> To do
The reply should contain every line of the data, repeated exactly, and no pictures.

> Source data
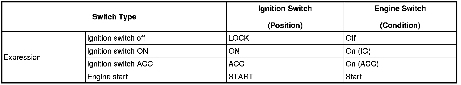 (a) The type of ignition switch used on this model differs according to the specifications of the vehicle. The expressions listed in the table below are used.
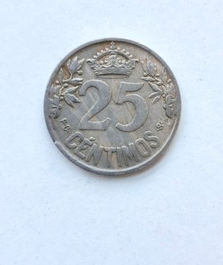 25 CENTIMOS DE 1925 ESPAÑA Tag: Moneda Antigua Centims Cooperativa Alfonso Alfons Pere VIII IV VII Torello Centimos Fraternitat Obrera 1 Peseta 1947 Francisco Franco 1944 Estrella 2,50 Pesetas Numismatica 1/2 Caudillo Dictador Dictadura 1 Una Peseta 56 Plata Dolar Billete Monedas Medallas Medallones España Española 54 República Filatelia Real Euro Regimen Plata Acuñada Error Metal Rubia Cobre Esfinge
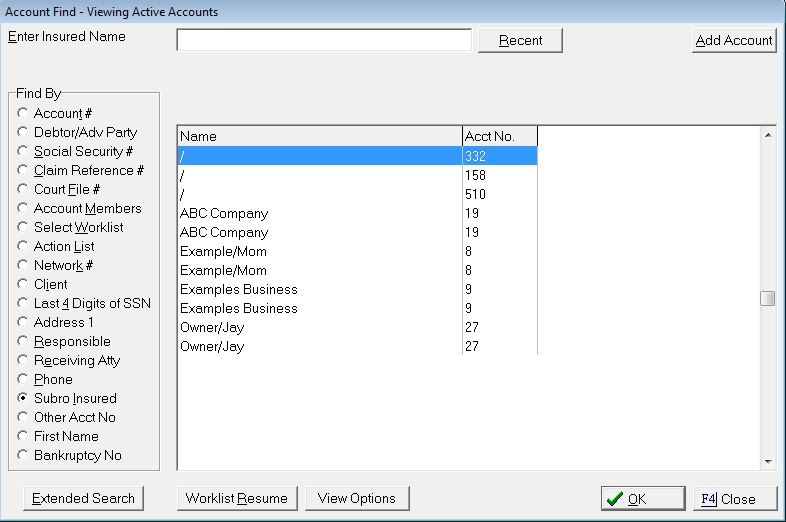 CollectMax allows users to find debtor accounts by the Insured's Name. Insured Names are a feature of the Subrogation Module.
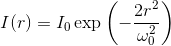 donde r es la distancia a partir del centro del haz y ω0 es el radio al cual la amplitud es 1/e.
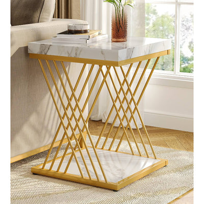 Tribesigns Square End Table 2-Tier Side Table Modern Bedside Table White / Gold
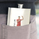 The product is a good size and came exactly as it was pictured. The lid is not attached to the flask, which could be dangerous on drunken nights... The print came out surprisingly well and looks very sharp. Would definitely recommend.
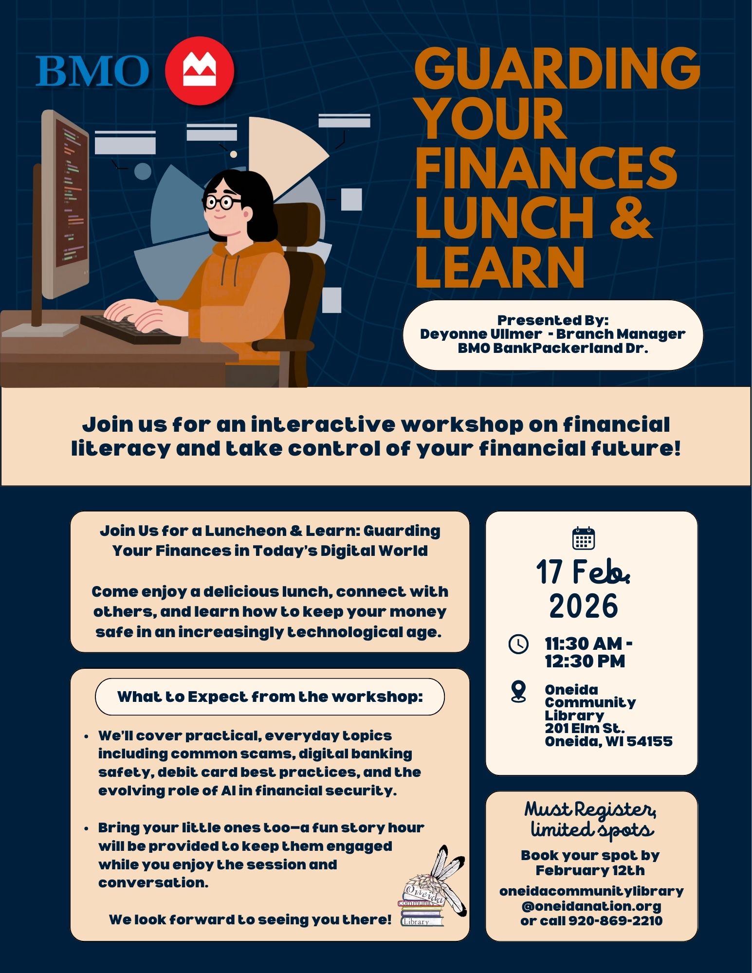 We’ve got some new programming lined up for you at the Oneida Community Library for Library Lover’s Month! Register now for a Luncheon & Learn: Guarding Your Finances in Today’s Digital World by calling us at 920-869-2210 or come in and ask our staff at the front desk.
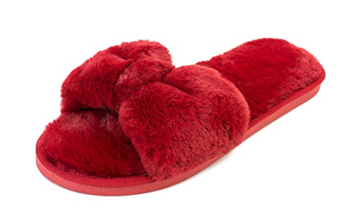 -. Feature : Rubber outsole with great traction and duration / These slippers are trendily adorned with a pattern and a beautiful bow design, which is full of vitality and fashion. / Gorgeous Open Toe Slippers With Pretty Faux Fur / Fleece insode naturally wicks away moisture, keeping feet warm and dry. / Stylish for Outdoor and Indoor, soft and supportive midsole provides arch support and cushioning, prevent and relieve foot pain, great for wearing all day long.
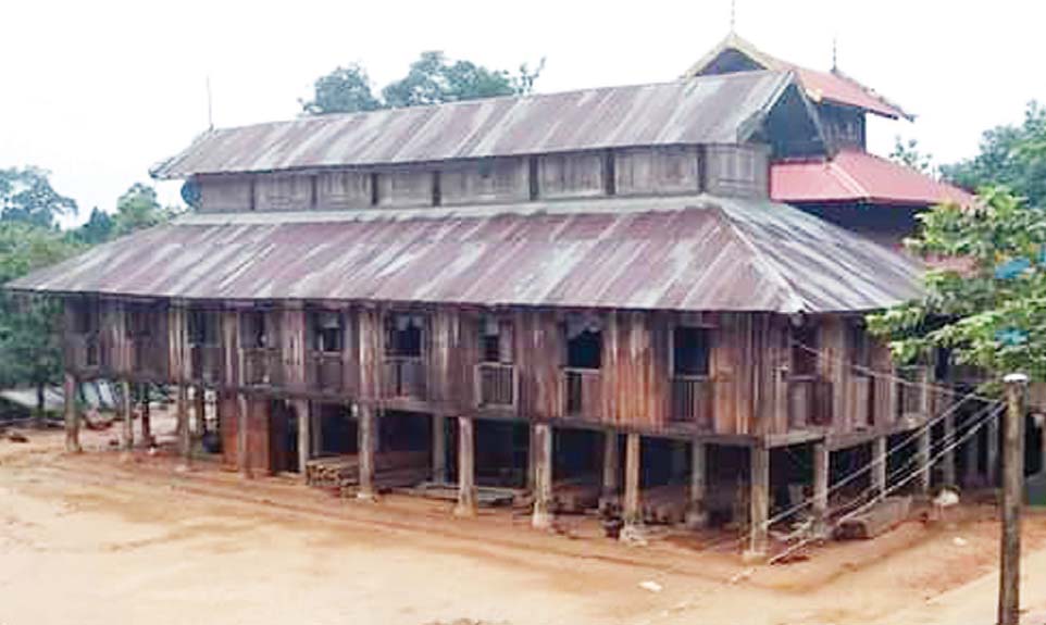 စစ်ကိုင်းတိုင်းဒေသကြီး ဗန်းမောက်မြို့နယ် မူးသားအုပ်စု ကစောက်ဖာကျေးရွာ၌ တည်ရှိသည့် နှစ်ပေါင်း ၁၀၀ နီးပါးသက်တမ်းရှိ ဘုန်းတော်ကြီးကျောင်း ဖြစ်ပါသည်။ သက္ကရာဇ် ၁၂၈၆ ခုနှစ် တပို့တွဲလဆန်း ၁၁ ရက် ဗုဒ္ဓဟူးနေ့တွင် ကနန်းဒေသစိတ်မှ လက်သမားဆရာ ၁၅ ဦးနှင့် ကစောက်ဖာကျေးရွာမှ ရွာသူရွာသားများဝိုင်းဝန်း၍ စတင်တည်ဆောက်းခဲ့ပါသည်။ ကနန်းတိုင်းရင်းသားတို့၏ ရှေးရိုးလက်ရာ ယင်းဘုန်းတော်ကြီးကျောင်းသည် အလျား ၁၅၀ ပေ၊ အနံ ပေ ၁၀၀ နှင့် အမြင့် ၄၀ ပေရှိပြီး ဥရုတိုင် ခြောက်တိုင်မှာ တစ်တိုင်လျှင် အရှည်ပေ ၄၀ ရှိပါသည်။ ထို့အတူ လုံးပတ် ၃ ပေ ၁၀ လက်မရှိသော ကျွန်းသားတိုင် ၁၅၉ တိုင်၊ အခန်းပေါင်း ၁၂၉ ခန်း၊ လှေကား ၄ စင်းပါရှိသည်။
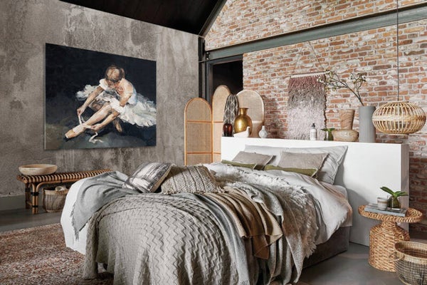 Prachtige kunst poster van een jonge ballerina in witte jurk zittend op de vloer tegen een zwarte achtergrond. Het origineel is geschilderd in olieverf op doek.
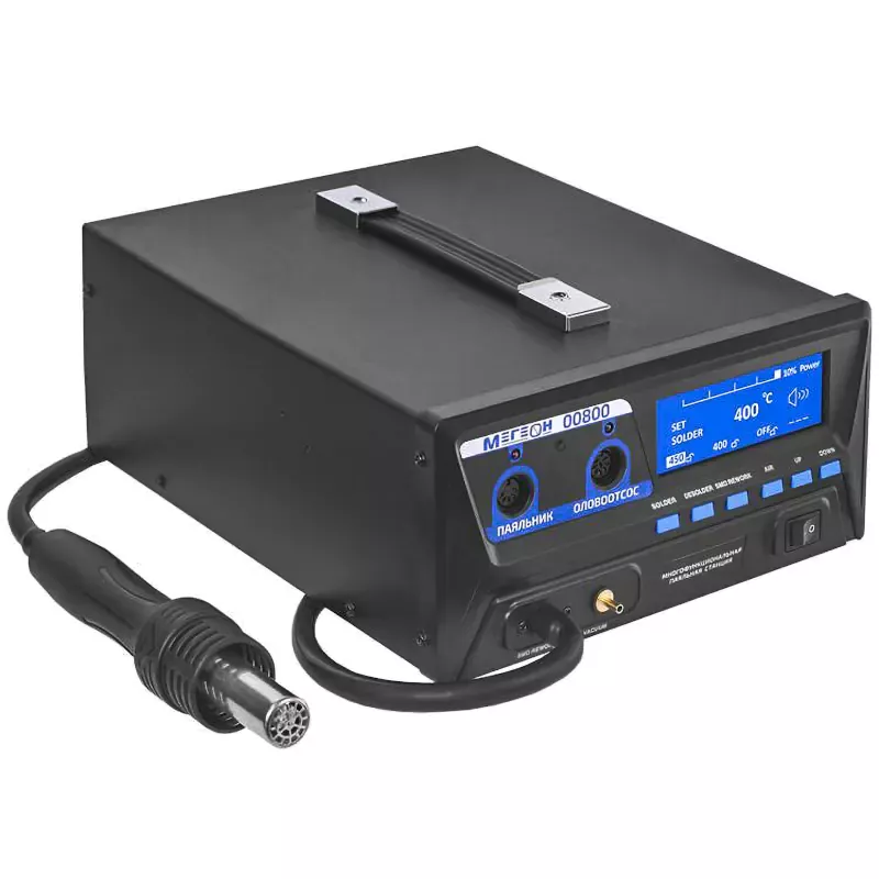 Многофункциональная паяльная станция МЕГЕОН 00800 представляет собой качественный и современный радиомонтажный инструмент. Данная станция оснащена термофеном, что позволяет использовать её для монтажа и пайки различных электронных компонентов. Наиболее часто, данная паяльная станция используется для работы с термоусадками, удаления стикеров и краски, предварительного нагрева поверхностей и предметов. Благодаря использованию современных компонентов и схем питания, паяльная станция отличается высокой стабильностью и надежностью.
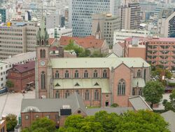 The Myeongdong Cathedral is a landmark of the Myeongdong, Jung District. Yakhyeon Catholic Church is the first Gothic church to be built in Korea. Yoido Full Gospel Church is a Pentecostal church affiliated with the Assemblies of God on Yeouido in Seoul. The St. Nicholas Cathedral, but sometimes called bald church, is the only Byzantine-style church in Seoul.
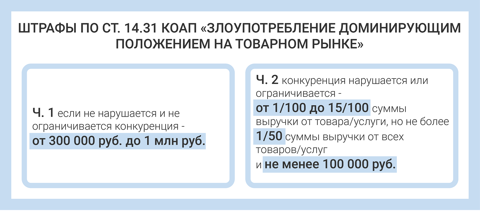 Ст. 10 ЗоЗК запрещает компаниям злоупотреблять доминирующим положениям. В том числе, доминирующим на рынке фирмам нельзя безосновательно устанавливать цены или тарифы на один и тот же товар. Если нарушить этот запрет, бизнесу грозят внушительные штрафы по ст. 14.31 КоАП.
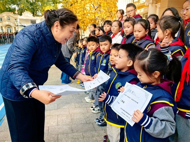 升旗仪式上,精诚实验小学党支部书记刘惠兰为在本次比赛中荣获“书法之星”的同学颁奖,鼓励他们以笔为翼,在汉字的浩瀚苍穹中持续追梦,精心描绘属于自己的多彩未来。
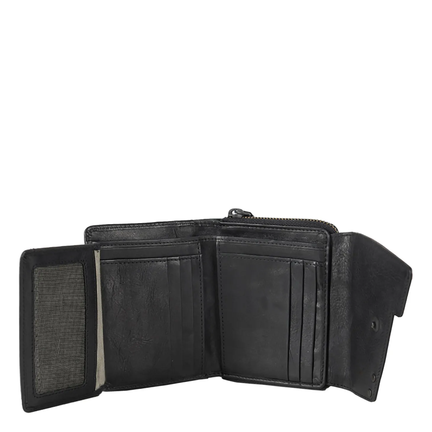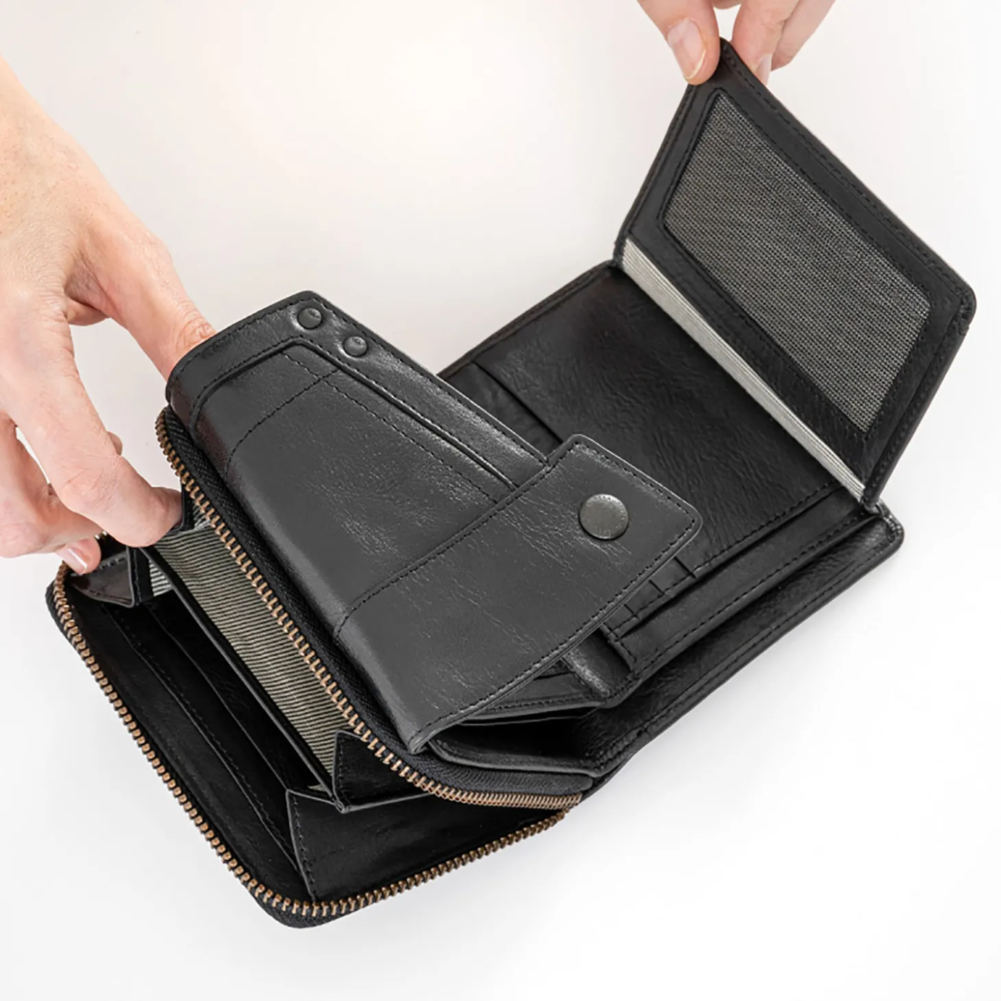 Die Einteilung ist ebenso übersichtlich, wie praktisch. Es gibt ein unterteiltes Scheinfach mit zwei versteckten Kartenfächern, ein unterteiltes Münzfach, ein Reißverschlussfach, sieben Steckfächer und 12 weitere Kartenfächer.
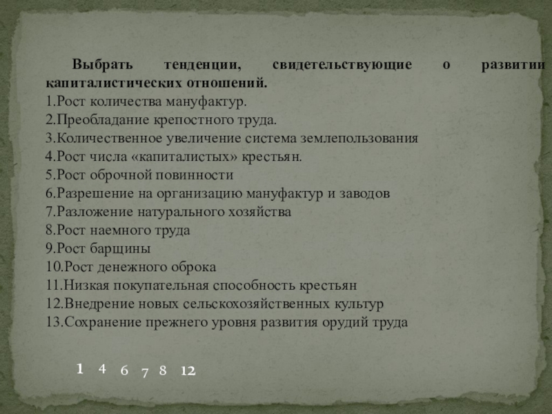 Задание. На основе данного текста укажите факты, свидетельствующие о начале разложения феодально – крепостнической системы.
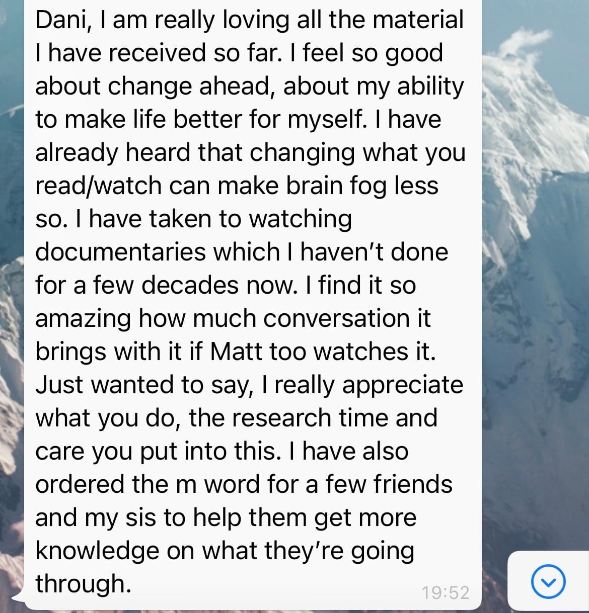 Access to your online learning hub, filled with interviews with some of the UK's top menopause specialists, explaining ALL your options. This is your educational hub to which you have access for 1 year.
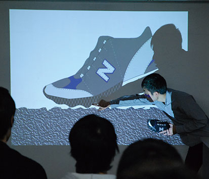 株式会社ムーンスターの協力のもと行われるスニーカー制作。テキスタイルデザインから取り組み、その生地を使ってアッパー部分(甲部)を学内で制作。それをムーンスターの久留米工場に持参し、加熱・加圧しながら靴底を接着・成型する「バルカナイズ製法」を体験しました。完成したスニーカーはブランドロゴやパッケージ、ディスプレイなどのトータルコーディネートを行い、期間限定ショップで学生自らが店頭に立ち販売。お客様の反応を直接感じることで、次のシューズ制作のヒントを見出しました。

> Output of the exercise
 (a) The type of ignition switch used on this model differs according to the specifications of the vehicle. The expressions listed in the table below are used.
 25 CENTIMOS DE 1925 ESPAÑA Tag: Moneda Antigua Centims Cooperativa Alfonso Alfons Pere VIII IV VII Torello Centimos Fraternitat Obrera 1 Peseta 1947 Francisco Franco 1944 Estrella 2,50 Pesetas Numismatica 1/2 Caudillo Dictador Dictadura 1 Una Peseta 56 Plata Dolar Billete Monedas Medallas Medallones España Española 54 República Filatelia Real Euro Regimen Plata Acuñada Error Metal Rubia Cobre Esfinge
 CollectMax allows users to find debtor accounts by the Insured's Name. Insured Names are a feature of the Subrogation Module.
 donde r es la distancia a partir del centro del haz y ω0 es el radio al cual la amplitud es 1/e.
 Tribesigns Square End Table 2-Tier Side Table Modern Bedside Table White / Gold
 The product is a good size and came exactly as it was pictured. The lid is not attached to the flask, which could be dangerous on drunken nights... The print came out surprisingly well and looks very sharp. Would definitely recommend.
 We’ve got some new programming lined up for you at the Oneida Community Library for Library Lover’s Month! Register now for a Luncheon & Learn: Guarding Your Finances in Today’s Digital World by calling us at 920-869-2210 or come in and ask our staff at the front desk.
 -. Feature : Rubber outsole with great traction and duration / These slippers are trendily adorned with a pattern and a beautiful bow design, which is full of vitality and fashion. / Gorgeous Open Toe Slippers With Pretty Faux Fur / Fleece insode naturally wicks away moisture, keeping feet warm and dry. / Stylish for Outdoor and Indoor, soft and supportive midsole provides arch support and cushioning, prevent and relieve foot pain, great for wearing all day long.
 စစ်ကိုင်းတိုင်းဒေသကြီး ဗန်းမောက်မြို့နယ် မူးသားအုပ်စု ကစောက်ဖာကျေးရွာ၌ တည်ရှိသည့် နှစ်ပေါင်း ၁၀၀ နီးပါးသက်တမ်းရှိ ဘုန်းတော်ကြီးကျောင်း ဖြစ်ပါသည်။ သက္ကရာဇ် ၁၂၈၆ ခုနှစ် တပို့တွဲလဆန်း ၁၁ ရက် ဗုဒ္ဓဟူးနေ့တွင် ကနန်းဒေသစိတ်မှ လက်သမားဆရာ ၁၅ ဦးနှင့် ကစောက်ဖာကျေးရွာမှ ရွာသူရွာသားများဝိုင်းဝန်း၍ စတင်တည်ဆောက်းခဲ့ပါသည်။ ကနန်းတိုင်းရင်းသားတို့၏ ရှေးရိုးလက်ရာ ယင်းဘုန်းတော်ကြီးကျောင်းသည် အလျား ၁၅၀ ပေ၊ အနံ ပေ ၁၀၀ နှင့် အမြင့် ၄၀ ပေရှိပြီး ဥရုတိုင် ခြောက်တိုင်မှာ တစ်တိုင်လျှင် အရှည်ပေ ၄၀ ရှိပါသည်။ ထို့အတူ လုံးပတ် ၃ ပေ ၁၀ လက်မရှိသော ကျွန်းသားတိုင် ၁၅၉ တိုင်၊ အခန်းပေါင်း ၁၂၉ ခန်း၊ လှေကား ၄ စင်းပါရှိသည်။
 Prachtige kunst poster van een jonge ballerina in witte jurk zittend op de vloer tegen een zwarte achtergrond. Het origineel is geschilderd in olieverf op doek.
 Многофункциональная паяльная станция МЕГЕОН 00800 представляет собой качественный и современный радиомонтажный инструмент. Данная станция оснащена термофеном, что позволяет использовать её для монтажа и пайки различных электронных компонентов. Наиболее часто, данная паяльная станция используется для работы с термоусадками, удаления стикеров и краски, предварительного нагрева поверхностей и предметов. Благодаря использованию современных компонентов и схем питания, паяльная станция отличается высокой стабильностью и надежностью.
 The Myeongdong Cathedral is a landmark of the Myeongdong, Jung District. Yakhyeon Catholic Church is the first Gothic church to be built in Korea. Yoido Full Gospel Church is a Pentecostal church affiliated with the Assemblies of God on Yeouido in Seoul. The St. Nicholas Cathedral, but sometimes called bald church, is the only Byzantine-style church in Seoul.
 Ст. 10 ЗоЗК запрещает компаниям злоупотреблять доминирующим положениям. В том числе, доминирующим на рынке фирмам нельзя безосновательно устанавливать цены или тарифы на один и тот же товар. Если нарушить этот запрет, бизнесу грозят внушительные штрафы по ст. 14.31 КоАП.
 升旗仪式上,精诚实验小学党支部书记刘惠兰为在本次比赛中荣获“书法之星”的同学颁奖,鼓励他们以笔为翼,在汉字的浩瀚苍穹中持续追梦,精心描绘属于自己的多彩未来。
 Die Einteilung ist ebenso übersichtlich, wie praktisch. Es gibt ein unterteiltes Scheinfach mit zwei versteckten Kartenfächern, ein unterteiltes Münzfach, ein Reißverschlussfach, sieben Steckfächer und 12 weitere Kartenfächer.
 Задание. На основе данного текста укажите факты, свидетельствующие о начале разложения феодально – крепостнической системы.
 Access to your online learning hub, filled with interviews with some of the UK's top menopause specialists, explaining ALL your options. This is your educational hub to which you have access for 1 year.
 株式会社ムーンスターの協力のもと行われるスニーカー制作。テキスタイルデザインから取り組み、その生地を使ってアッパー部分(甲部)を学内で制作。それをムーンスターの久留米工場に持参し、加熱・加圧しながら靴底を接着・成型する「バルカナイズ製法」を体験しました。完成したスニーカーはブランドロゴやパッケージ、ディスプレイなどのトータルコーディネートを行い、期間限定ショップで学生自らが店頭に立ち販売。お客様の反応を直接感じることで、次のシューズ制作のヒントを見出しました。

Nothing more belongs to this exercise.